The second part of your post above is why you asking for the Cliff Notes version of the video is so wrong on so many levels. Seriously dude, you spend far more than 1.5 hours on this board on a regular basis, so why won't you spend that time watching the video and learning something that will help you answer your own questions.
 
Do you have a tl;dw summary of the video?

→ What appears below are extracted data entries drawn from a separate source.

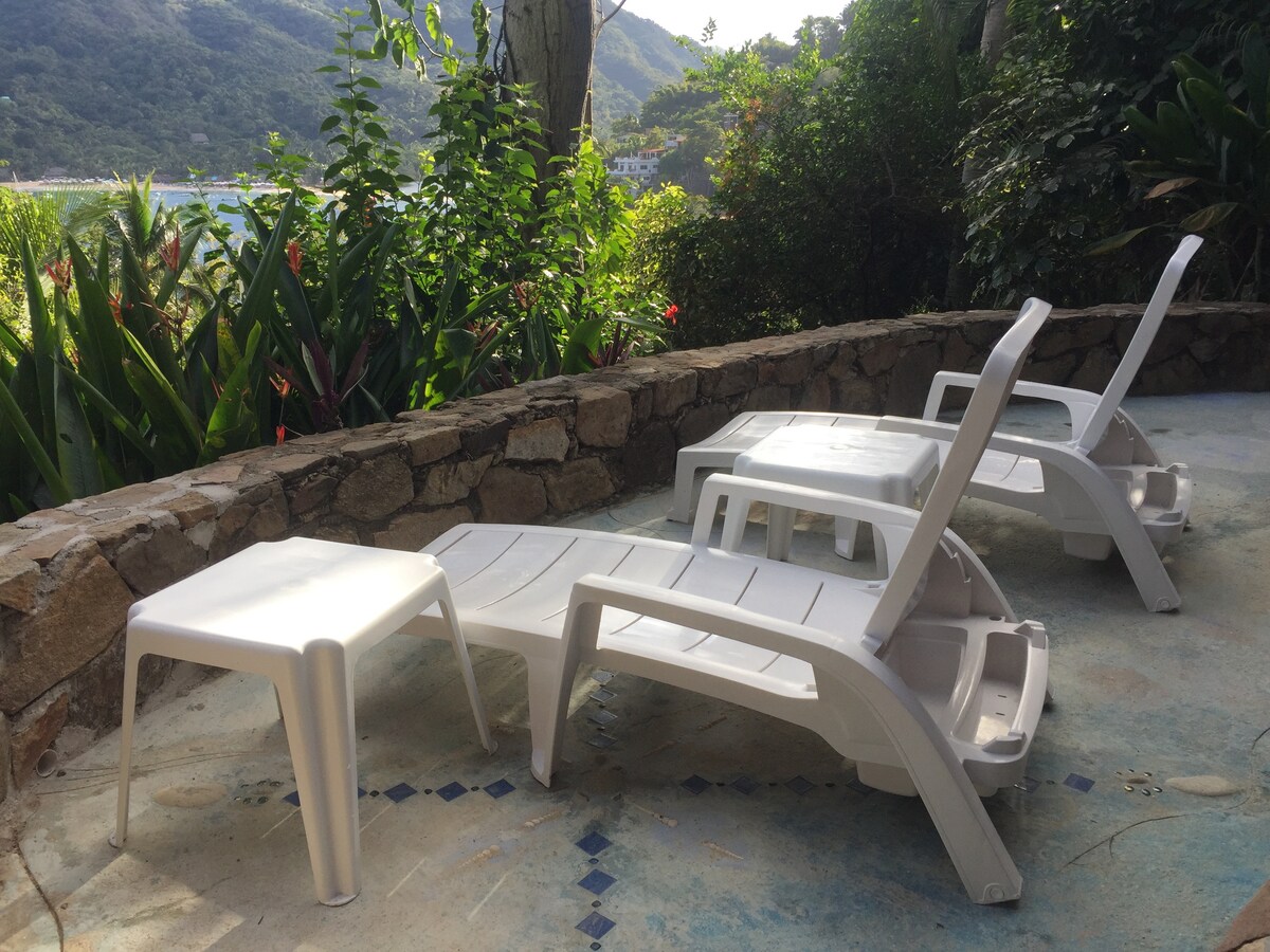 This beautiful apartment is centrally locatedin downtown. You can enjoy the best views of town and overlooking the water in Yelapa with air conditioned. The location is close to the restaurants, grocery stores, 7 minutes from the waterfall, beach inmediately below. The main space of the open floor plan over looks the bay of Yelapa, where you can relax in the hammocke and enjoy the breeze of the ocean. The kitchen comes with a refrigerator, gas range, microwave, coffee maker and cookware.
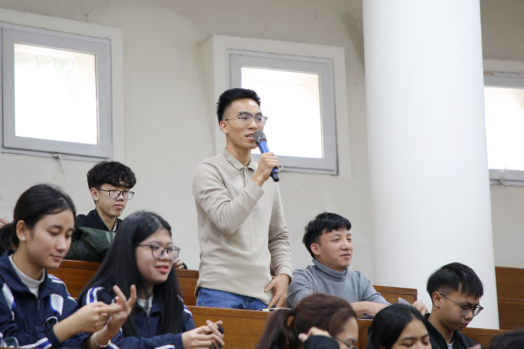 Tại hội thảo, sinh viên đã lắng nghe phần trình bày của diễn giả Nguyễn Hải Long – Giám đốc Trung tâm AI AHT Tech. Với kinh nghiệm chuyên sâu trong các lĩnh vực như AI Agent, Prompt Engineering, Multi-Agent System, Voice AI, Computer Vision và quá trình triển khai AI trong nhiều lĩnh vực thực tiễn, diễn giả đã mang đến những góc nhìn rõ ràng, thực tế cùng các định hướng cụ thể cho sinh viên trong bối cảnh AI phát triển mạnh mẽ.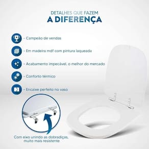 Itens inclusos: assento e tampa em madeira MDF com pintura laqueada. Ferragens metálicas em alumínio anodizado muito resistente, não oxidam e não enferrujam.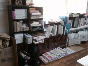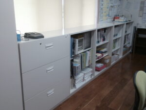 今までは、創業当時から 長テーブルの上に三段ボックスを並べてファイルを保管していました。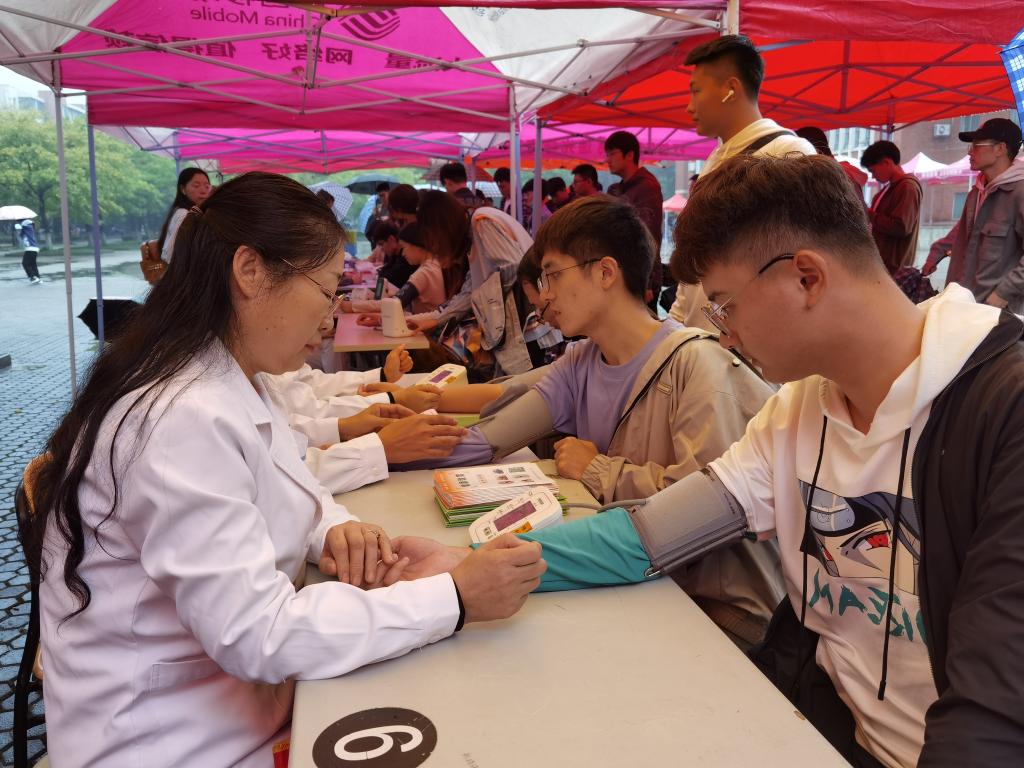 “养成良好运动习惯可有效预防和控制高血压...”“高盐饮食会显著增加高血压患病风险,成人每天食盐摄入量不超过6克...”活动现场,多名专家和医护人员为前来咨询的师生进行认真细致的检查和解答,测量血压,把脉问诊,讲解宣传健康知识,发放减盐防控高血压、盐与健康等宣传折页。针对血压较高的师生,医护人员在饮食、运动、用药等方面给出建议和自我健康管理方案,并叮嘱日常生活注意事项。活动中还通过设置有奖知识问答等多种形式,普及高血压防治健康教育,现场参加咨询活动的师生络绎不绝。

After all, it's almost an hour and a half.

As to your title, while criminality is certainly not a "black thing", I think even you would have to admit that when it comes to violent crimes, blacks in the US commit far more than their fair share. For example, according to FBI blacks commit homicide at a rate 5 times higher than whites and black-on-white homicides are twice as likely as white-on-black homicides, despite what media and BLM activists might lead you to believe.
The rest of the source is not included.